* ASSIGNMENT *
Only one stretch of lines is wanted: the line with "Day 126 Barbara" through the final line of the material. Restate it word for word, minus pictures.

* DATASET CONTENT *
╔══

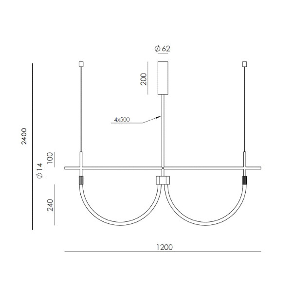 Lámpara colgante doble tipo arco con tiras LED de silicona opal, disponible en oro envejecido o negro mate.
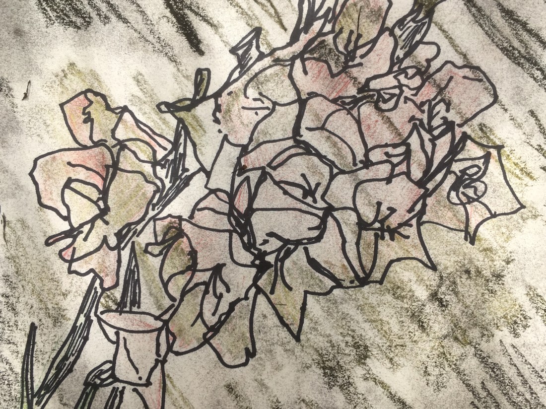 Day 126 Barbara Griffin Uncategorized September 8, 2019 1 Minute Mixed media drawing Sharpie, charcoal, crayon and wax crayon of gladioli. Share this: Share on X (Opens in new window) X Share on Facebook (Opens in new window) Facebook Like Loading... Published by Barbara Griffin Exploring connections between people working in different disciplines in weaving, poetry and music. View all posts by Barbara Griffin Published September 8, 2019
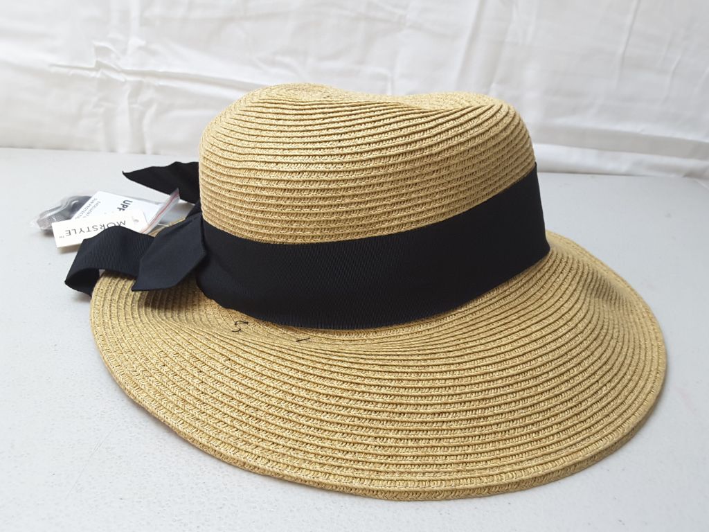 Morstyle Women Wide Brim Natural Black Ribbon Hat
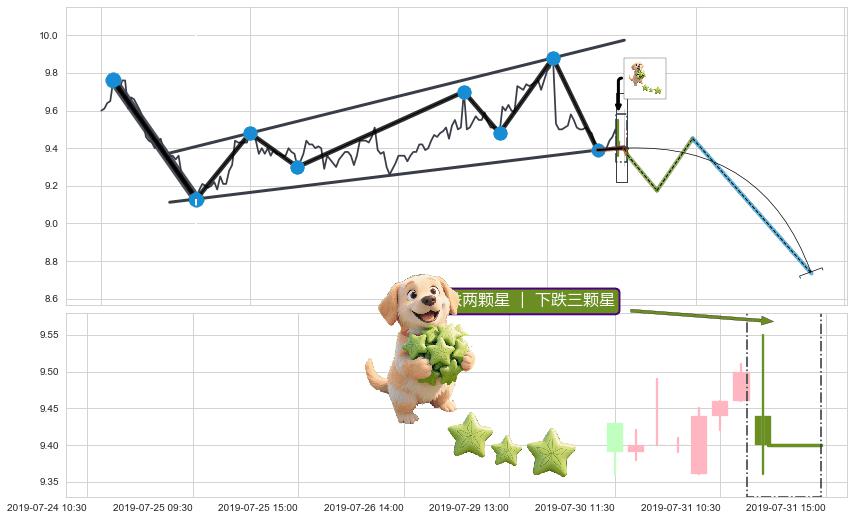 ➢ 【仅预测突破】最后价格:9.40与预测突破价格:9.36→【空间临近】后续最小【整理】第一目标价格→(08-15:12: 8.73 )

╚══

* ANSWER *
 Day 126 Barbara Griffin Uncategorized September 8, 2019 1 Minute Mixed media drawing Sharpie, charcoal, crayon and wax crayon of gladioli. Share this: Share on X (Opens in new window) X Share on Facebook (Opens in new window) Facebook Like Loading... Published by Barbara Griffin Exploring connections between people working in different disciplines in weaving, poetry and music. View all posts by Barbara Griffin Published September 8, 2019
 Morstyle Women Wide Brim Natural Black Ribbon Hat
 ➢ 【仅预测突破】最后价格:9.40与预测突破价格:9.36→【空间临近】后续最小【整理】第一目标价格→(08-15:12: 8.73 )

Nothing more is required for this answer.